Меньше чем через час литовку встретила Достоевская. В толпе цыган теперь спокойно расхаживали веганы, распустившие свои глистообразные руки-плети по всему метро. Правильно ли они поступают? Или веганы, загадочные лемуры — действительно, те расы, достойные жить в новом мире, когда человечество, до сих пор воюющее друг с другом, доживает последние дни? Но сколько крови на руках самой Чулок? Не зашёл ли Молох слишком далеко со своей истиной?
Сотни вопросов без ответов. И нужны ли ответы, когда сердце живёт любовью? Тем, что посылает мир к чёртовой матери, разрушает его до основания. Не ядерные боеголовки, а любовь. Самая разрушительная красная кнопка. Ведает ли о ней странное создание на одном колёсике по имени Робби, сопровождающее Чулок на Владимирскую? Вряд ли. Как и не ведают тысячи людей, живущих в подземке. Впереди — очередной тоннель ветки № 1 метрополитена.
(два дня назад)
Служебные коридоры с комнатами пролетали один за другим. И ни единой души. Если бы не лампы, висевшие на потолке через каждые десять метров, кавказец остался бы в кромешной тьме посреди бесконечного лабиринта. Спустя полчаса блужданий Ахмет ни на шутку заволновался. Бетонным стенам не было ни конца, ни края. Ещё через пять минут погас свет, оставив героя посреди чёрной паутины бытия. Столько же времени понадобилось на то, чтоб глаза привыкли к темноте. Но тьма здесь была живой, она обволакивала с головы до пят, и где-то там, где должен был быть очередной энный поворот, притаился разум. Не существо из плоти и крови, а нечто, не принадлежащее к нашему миру, что вылезло из чрева радиоактивных осадков. Больцмановский мозг — объект, возникший в результате отклонения от среднего значения физических величин. Эфемерное начало, способное осознавать своё существование.
Оно плавно вышло из-за угла и двинулось в сторону Ахмета. Разум продвигался всё ближе и ближе, без какой-либо оболочки, всё равно, что воздух, обладающий сознанием. Не хотелось представлять, какие тайны вселенной он способен открыть, подобно Библиотекарю, ведающему истины ада, ведь ад — всего лишь слово; реальность куда хуже.
Мозг брата Вано видел перед собой голубые ясные глаза, пришедшие из другой реальности. Видение мира перешло в другую ипостась, обнажив просторы бесконечной песчаной пустыни, по которой Ахмет бежал от пожирающего чёрного естества, проглатывающего целые миры. На небе до того ярко сияло солнце, что задержать на нём взгляд означало бы спалить глаза. Всё равно, что в тёмном помещении засвечивать плёнку. Разум больше не чувствовал тело. Мир принялся сжиматься. Пустыня обрастала бетонными стенами, надвигавшимися друг на друга. Земля под ногами горела, пока чёрная материя не добралась до солнца. В мгновение исчезло безоблачное небо, заменив его обычным каменным полом. Через миг пол свалился на голову и сознание Ахмета полетело на просторную платформу станции Парнас. Именно так кавказец представлял себе обитель, хотя ни разу на ней не был, как и во многих других местах метро. Один раз удалось посетить запретную Рыбацкую, но это ещё до времён Вегана. Не понимая до конца, что происходит, Ахмет бродил по неизвестной станции неизвестного метро. Сон ли это? Явь? Или он стал частью больцмановского мозга и его сознание сейчас витает в районе недосягаемых Квазаров?

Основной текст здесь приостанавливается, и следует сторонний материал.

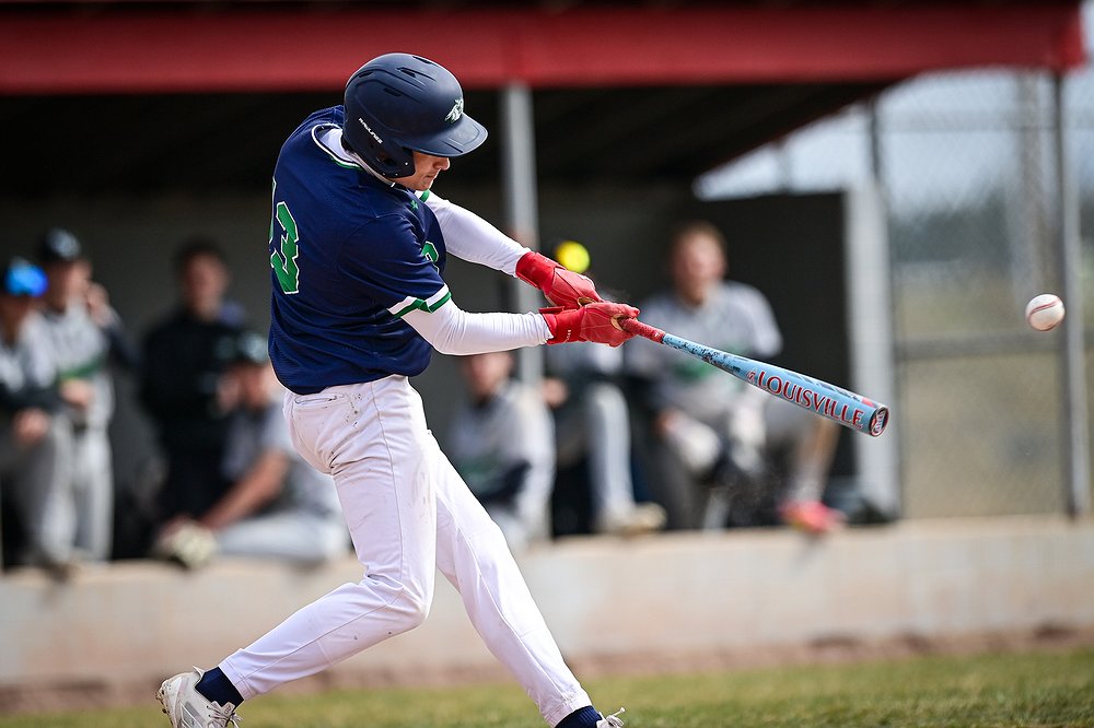 Glacier's Kaeden Kahler (22) drives in a run with a single in the sixth inning against Belgrade at Griffin Field on Saturday, March 28. (Casey Kreider/Daily Inter Lake)
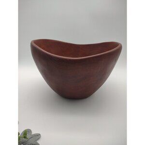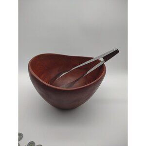 Vintage MCM Teak Wood hand Turned Salad Serving Bowl, with Wood & Steel Tongs.

Станция квадрат с парочкой флуоресцентных ламп, делавшей колыбель мутно-фиолетового цвета, имела два выхода: тоннель — как дыра в пространстве и времени, и ответвление в коридор из которого, как подсказывало чутьё, вышел Ахмет. «За ней песчаная пустыня», — подумал герой, встряхнув головой. Второй конец станции по левую и правую руку оканчивался монолитной стеной. Кавказец посмотрел под ноги — на шпалах стояли рельсы. Метро 2? Д-16? Нет, откуда ему взяться в Питере? Коменда? Парнас? Последний исключён: там есть выход в город. К тому же в подземке не было идеально квадратных станций.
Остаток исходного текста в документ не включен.